This exercise asks for an exact copy of the lines from the one containing "ZIMMERMANN Lyrical Buttoned" through the final line of the material, with pictures omitted.

■ DATA SECTION ■
================================

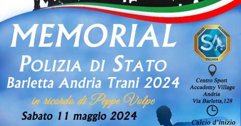 Sabato 11 Maggio saremo presenti al “Memorial Polizia di Stato in ricordo di Peppe Volpe” organizzato dalla Segreteria provinciale del SIULP sindacato di Polizia. Un quadrangolare di calcio a 8 tra le compagini della Questura, Barletta, Trani/Canosa, Polizia Stadale. Il memorial di calcio, a scopo benefico, è un evento che vuole unire la passione per […]
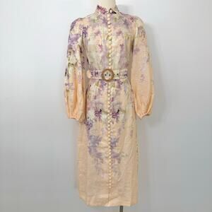 ZIMMERMANN Lyrical Buttoned Midi Dress Floral Print Linen 0 (US 4) NWT
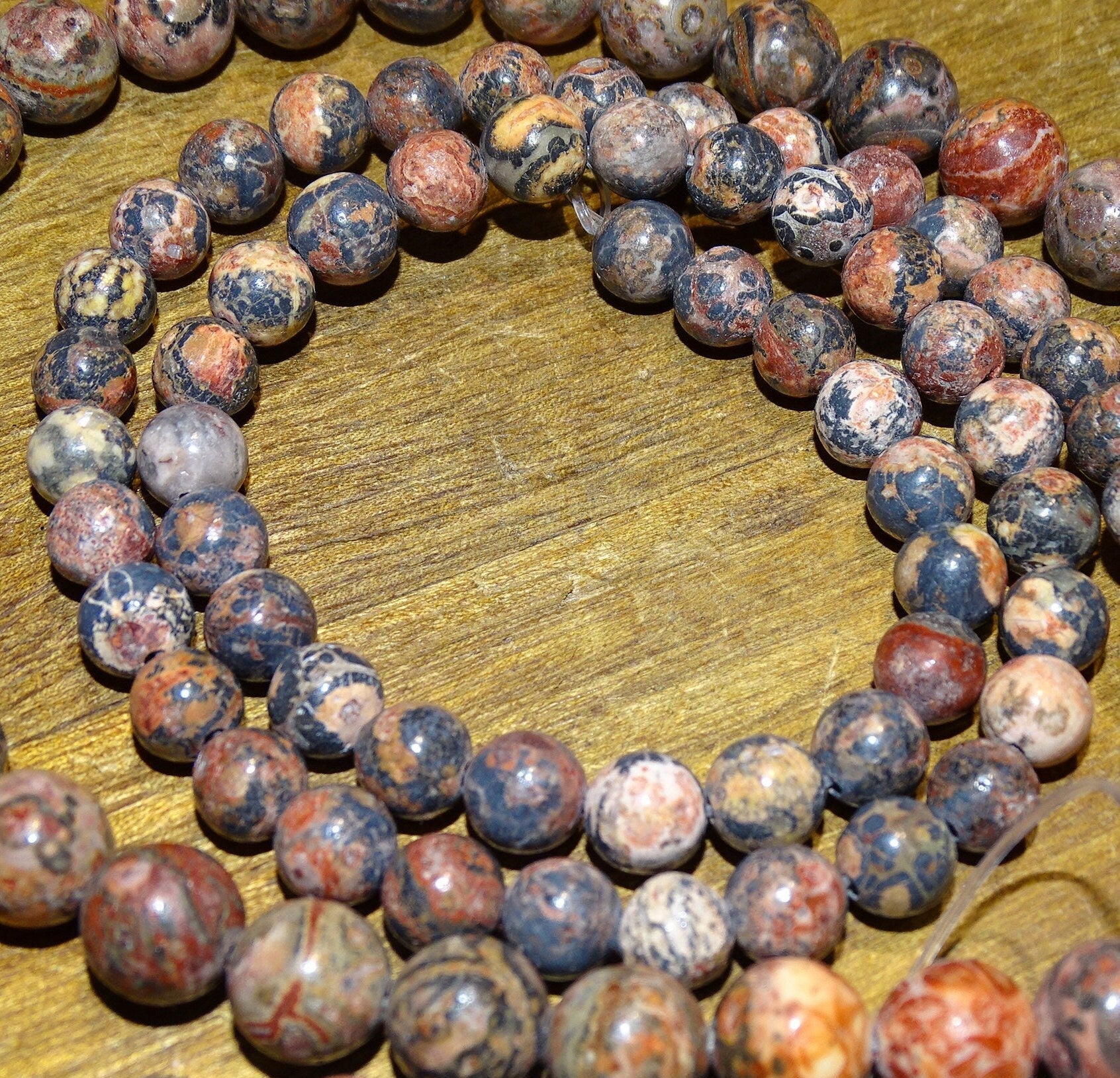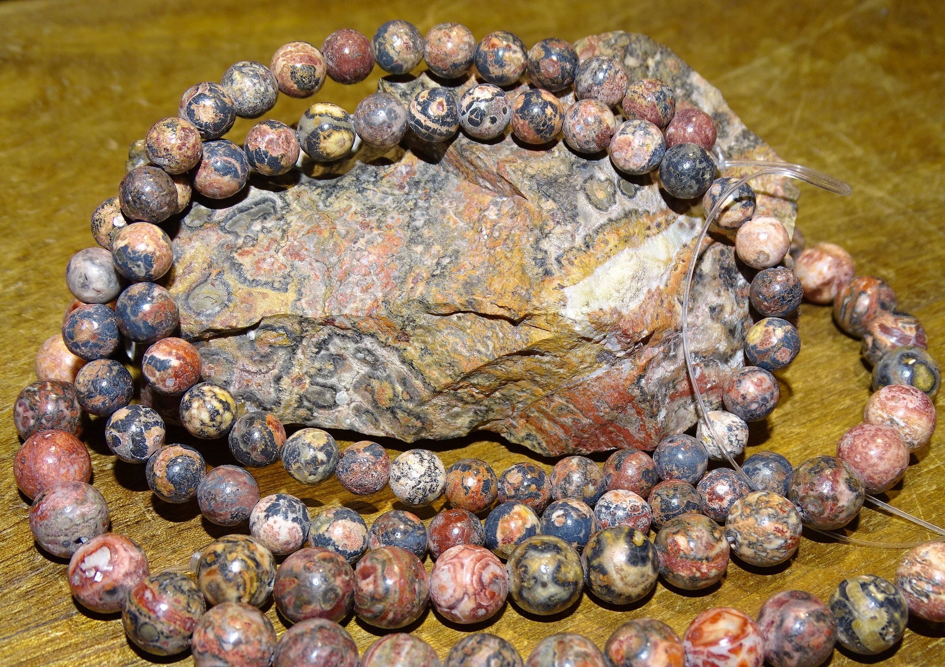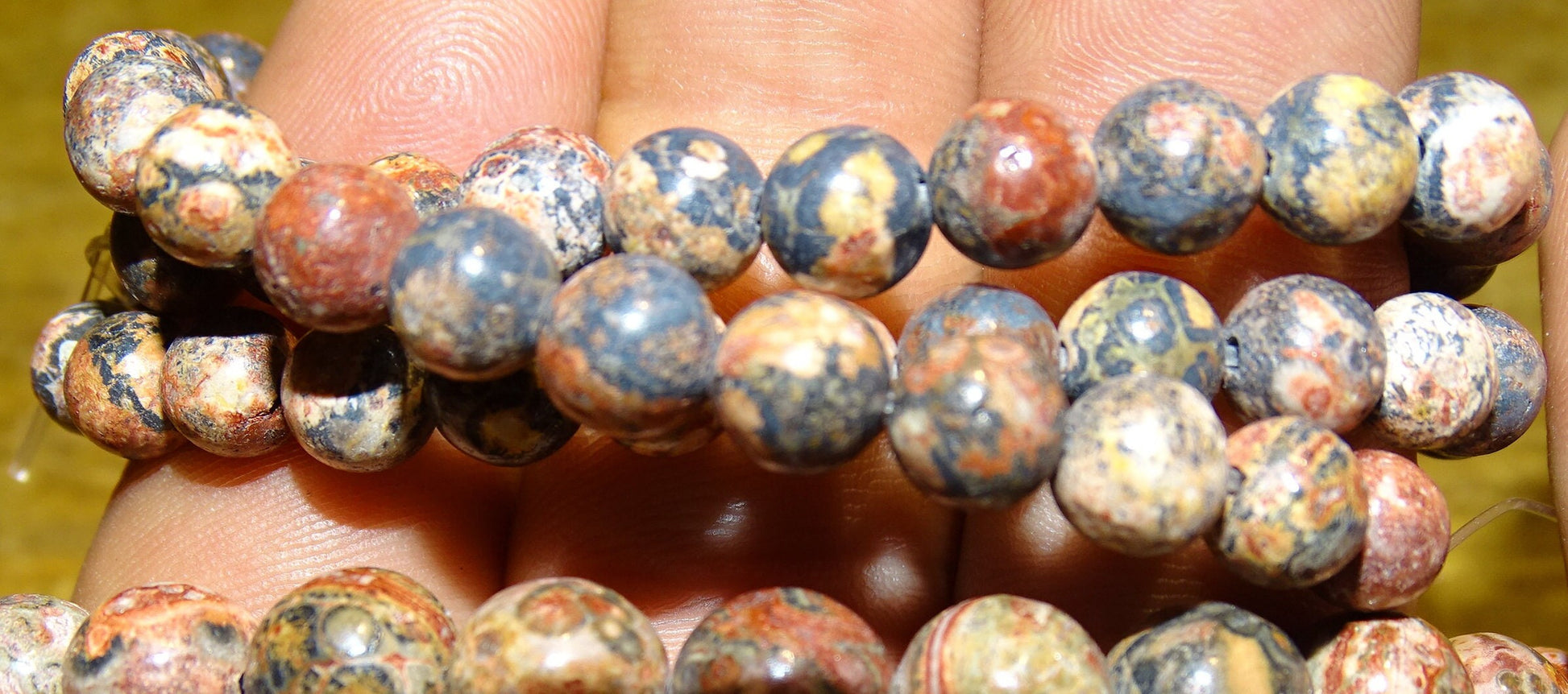 Jaspe léopard, perles rondes de 6 ou 8 mm. Vendu en fil de perle 38/39 cm, en bracelet de 17 à 21cm, en collier de 45 ou sautoir de 60cm. Qualité AA à AAA, superbes perles naturelles !

================================

■ ANSWER TO THIS EXERCISE ■
 ZIMMERMANN Lyrical Buttoned Midi Dress Floral Print Linen 0 (US 4) NWT
 Jaspe léopard, perles rondes de 6 ou 8 mm. Vendu en fil de perle 38/39 cm, en bracelet de 17 à 21cm, en collier de 45 ou sautoir de 60cm. Qualité AA à AAA, superbes perles naturelles !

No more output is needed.